A vida pobre e incerta aos poucos ficava para trás. Com o tempo, vieram a conquista da casa, do carro, do conforto e da segurança. A barraca continua lá e é um presente de David para os irmãos. A agência DMarketing foi criada e dada ao filho Thiago Portes. “Eu continuo sendo a mesma pessoa simples da roça, aquele mesmo camelô. E passo isso para o meu filho. A pessoa tem que ser humilde. Não é porque hoje ele é dono de tudo isso aqui que ele vai pisar nos outros”, afirma.

Cortador de cana, motorista, morador de rua, camelô e palestrante. Quando David entra na sua moderna agência de marketing vestindo terno e gravata, fica difícil imaginar que ele possa ter tido uma vida tão dura. Entretanto, as marcas dos tempos difíceis perseguem David como sombras. A expressão cansada, a pele queimada de sol e as mãos calejadas contrastam com o luxo. Ao falar do passado, o insistente sorriso no rosto dá lugar ao olhar cabisbaixo e a voz baixa como um sussurro.

A infância que não foi infância. A adolescência que passou despercebida. O trabalho na lavoura de cana-de-açúcar, em Campos dos Goytacazes, interior do Rio de Janeiro, começava às 4h e durava o dia inteiro. No fim da tarde, dois quilômetros de caminhada aguardavam David até a escola.

– Para chegar até a sétima série eu fui um herói. Eu chegava em casa meia-noite e tinha que estar acordado às 4h de novo. Era uma vida muito difícil, lá eu não tinha opção, ou cortava cana ou cortava cana. Mas a esperança de um dia conquistar meu sonho me dava forças, lembra. A calma e a simplicidade ao falar desaparecem quando o assunto é o prêmio Faz Diferença, do jornal O Globo. O ex-camelô não entende por que ainda não foi um dos ganhadores.

– Quando um camelô conquistou tudo o que eu conquistei?
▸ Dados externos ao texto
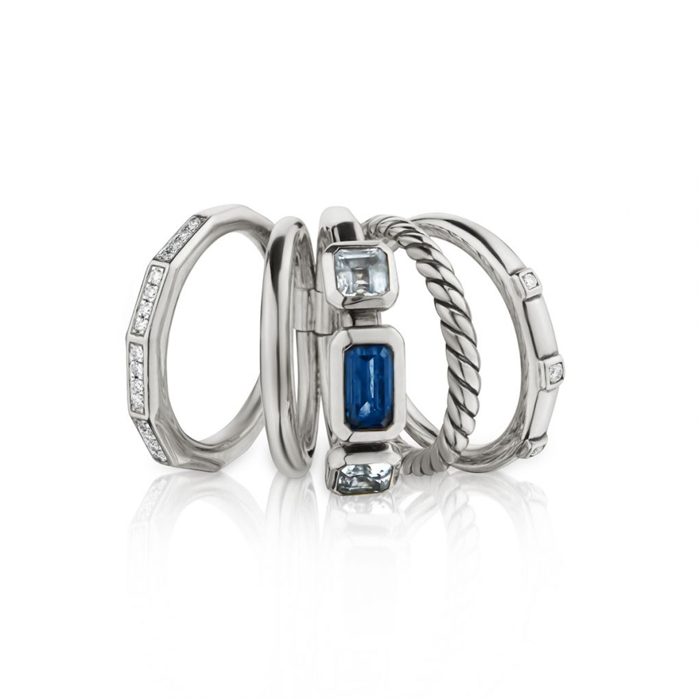 • David Yurman Five Row Stackable Ring with Hampton Blue Topaz and Diamonds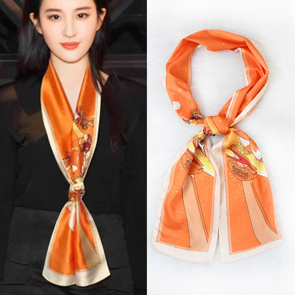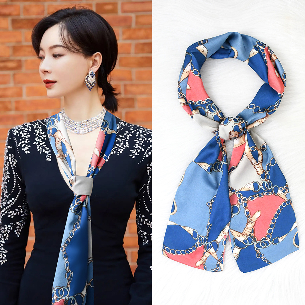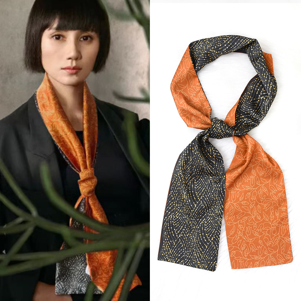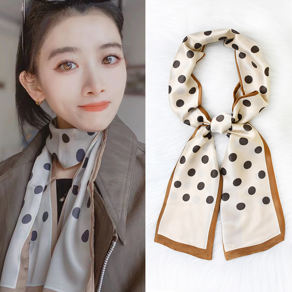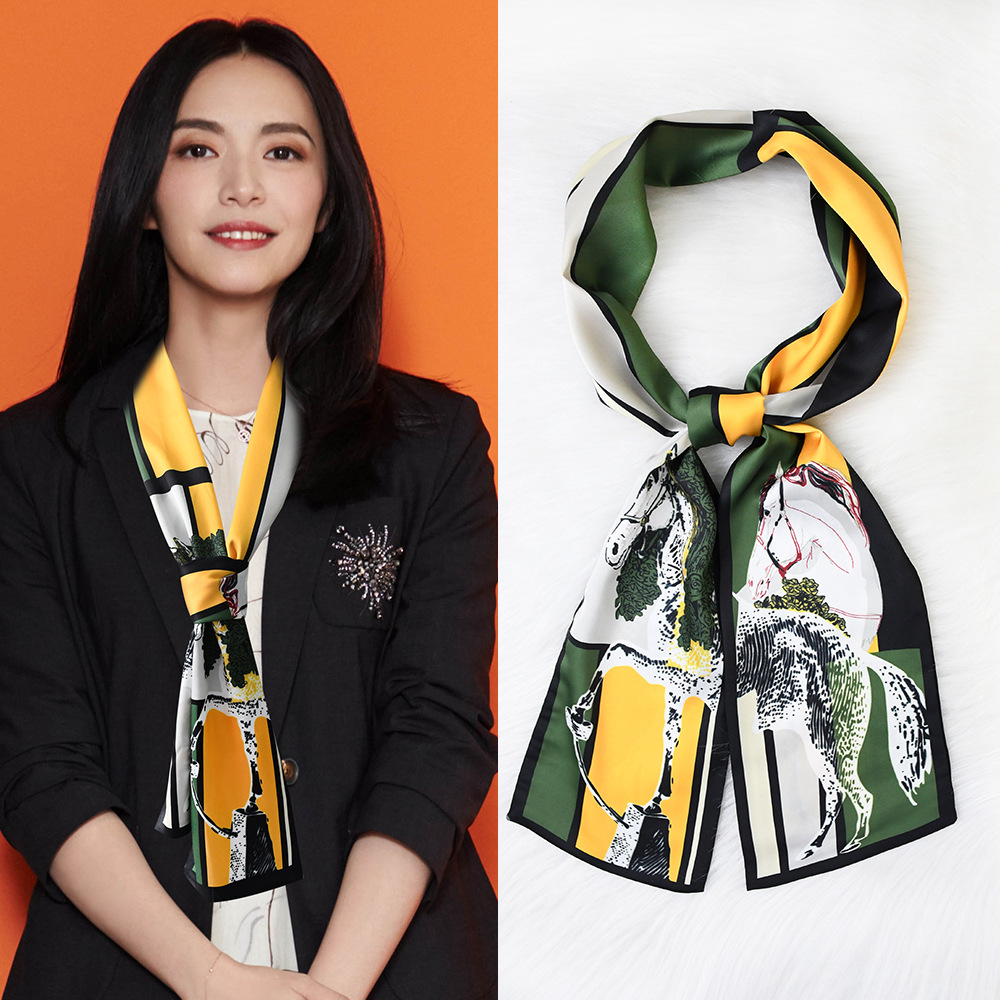 한국 패션 올매치 스트라이프 캐리지 불규칙한 새틴 롱 스카프 실크 스카프 고급 더블 레이어 얇은 좁은 긴 스카프

Eu dou mais de 30 empregos diretos, através da agência, e 300 indiretos. Realizo palestras de motivação pelo mundo inteiro, até para o Japão eu fui. Não entendo como a escolha desse prêmio funciona, desabafa. Uma história impulsionada pelo sonho e pela certeza. Pelo sonho de uma vida melhor e pela certeza de tornar seus sonhos realidade. Apesar de tudo, David não se considera completamente realizado. Ele ainda tem o sonho de ter um programa de televisão. “O mundo é infinito”, afirma.